Science fiction has long been a staple of literature and film, becoming a genre that has grown into one with a massive fan base. Perhaps the market for sci-fi writing is oversaturated, with the endless volumes of paperbacks that plague any bookstore or libraries back room shelves, but the role the genre serves is still relevant, perhaps more than ever.
Sci-fi itself is a very broad genre, with tales ranging from robot armies to space exploration, but what the most accomplished works have been able to master was the grounded nature of the story, making sure the spectacle of the event never eclipsed the quality of storytelling. At the same time, these works focused on scientific accuracy, consulting experts on the topic at hand in order to ensure a sound storyline, both technically and emotionally.
“The Martian is very well done, it’s technically correct in more ways than it is fabulous and made up,” physics teacher Chet Pierce said. “I think when you look at science fiction, you’re always looking at it from the eye, not of fact or fiction, but of plausibility. Is it a scenario you could imagine being possible, even if it isn’t quite technically within the bounds of the things we know today?”
It’s a happy medium that many sci-fi writers and directors often try to balance: between the scientifically accurate portrayal and the extension into unknown territories of science., bordering on fiction The 2014 film “Interstellar” attempted to do just that, where director Christopher Nolan consulted Nobel Prize winning physicist Kip Thorne in order to ensure that the film was scientifically accurate in the theoretical physics it dove into. Thorne and Nolan developed scientifically accurate renders of what a black hole would look like, and these images would eventually be put into the film.
“When a film puts in the effort to be sound scientifically, it adds a level of intrigue for the viewer,” senior Vuk Petrovic said. “Not only does it make it seem possible, it humanizes the rest of the story and adds to the legitimacy of the overall message the story is trying to say.”
Science-fiction has often acted as the bar that has been set for scientific discovery, whether it be time travel, genetic engineering or artificial intelligence.
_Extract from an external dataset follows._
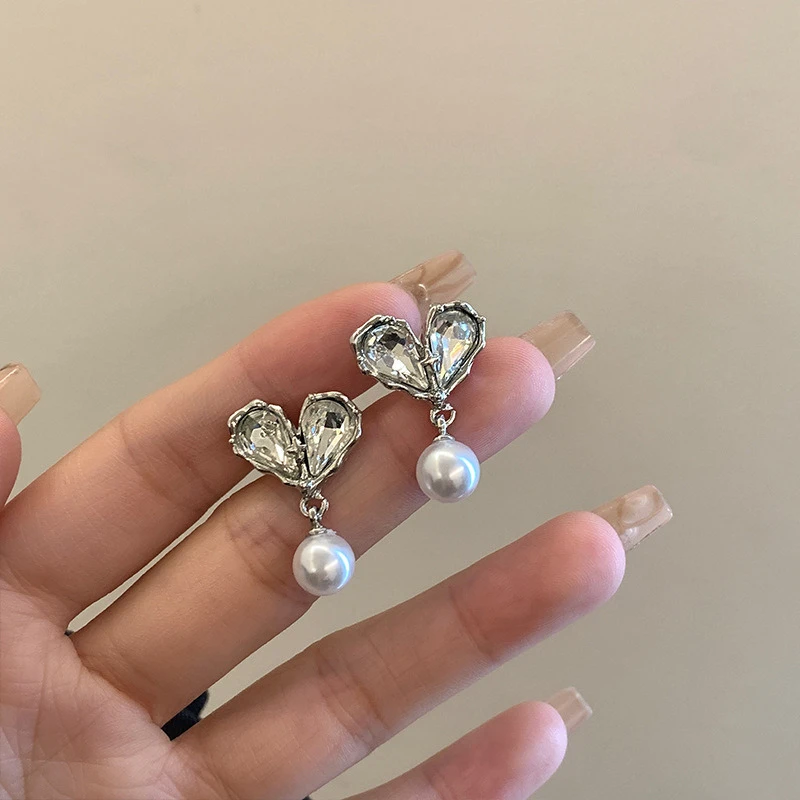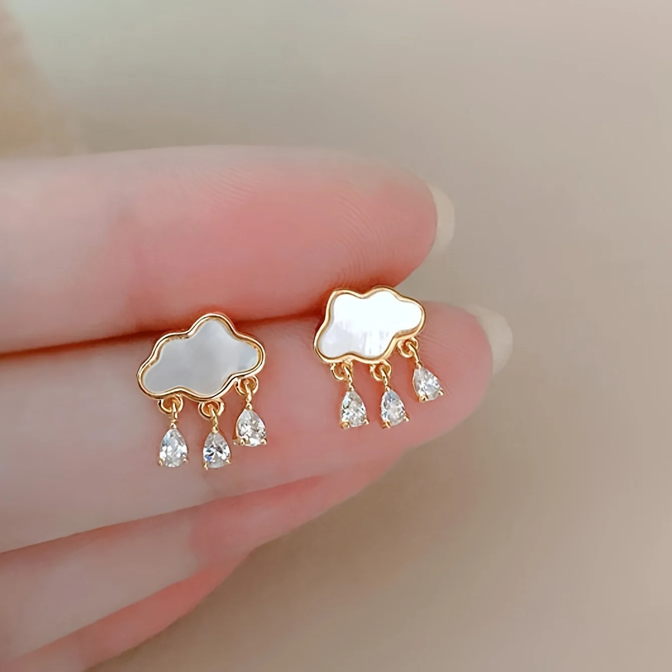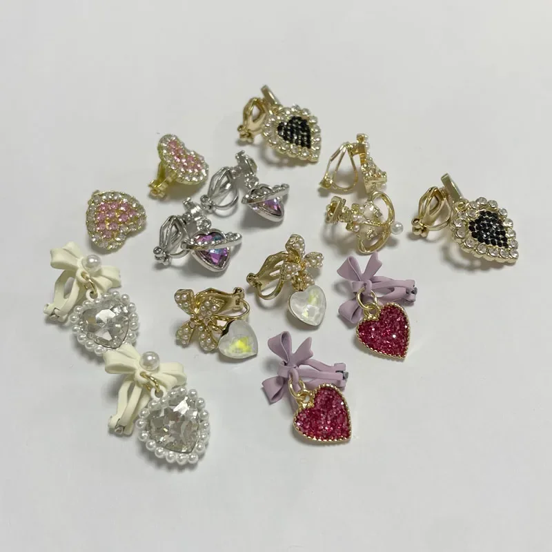 Non Pierced Mini Zircon Heart Clip on Earrings Fashion Temperament Small Heart Pearls Cloud Ears Clips for Women Evening Party

But when these works humanize these ideas, it makes this bar seem far closer than before, sparking interest in a new generation of scientific thinkers.
“Good science fiction gets people interested in science,” Pierce said. “It doesn’t necessarily have to be predictive of the future; it’s a way of getting people to think about possibilities, not necessarily probabilities.”
The effect of sci-fi on actual discovery has, however, proven to be rather minimal. Although these individuals producing and creating these projects consult a good deal of experts, they are artists first.
“It is very hard for you to find a case where the fiction has triggered some sort of spark in a scientist’s mind and they make a scientific discovery because of it,” astrophysicist Neil DeGrasse Tyson said on his podcast, StarTalk Radio. “You could probably come up with one or two examples of that.”
But the goal of sci-fi isn’t to further the bounds of science and technology. Just like all good art, effective sci-fi does not ignore the power of social commentary. 2014’s “Ex Machina” expressed concerns of artificial intelligence, but spoke even more to the power technology has over us, while at the surface being a film about robots. 2016’s “Arrival” appears to be just another alien visitation movie, until it explains the problems that society has with communication, and the potential detrimental effects we serve to experience should we continue to put up walls between each other.
Science fiction acts as another form of expression for artists to delve into, allowing them to be able to make truly meaningful masterpieces while simultaneously being paired with the broadening of education and curiosity. Sci-fi acts as a melting pot for artists and academics alike to come together to address the issues they believe require attention.
“Science fiction acts as a hyperbole for problems we often overlook,” Petrovic said. “Only when framed alongside aliens and over-the-top settings do we begin to understand the issues facing our society.”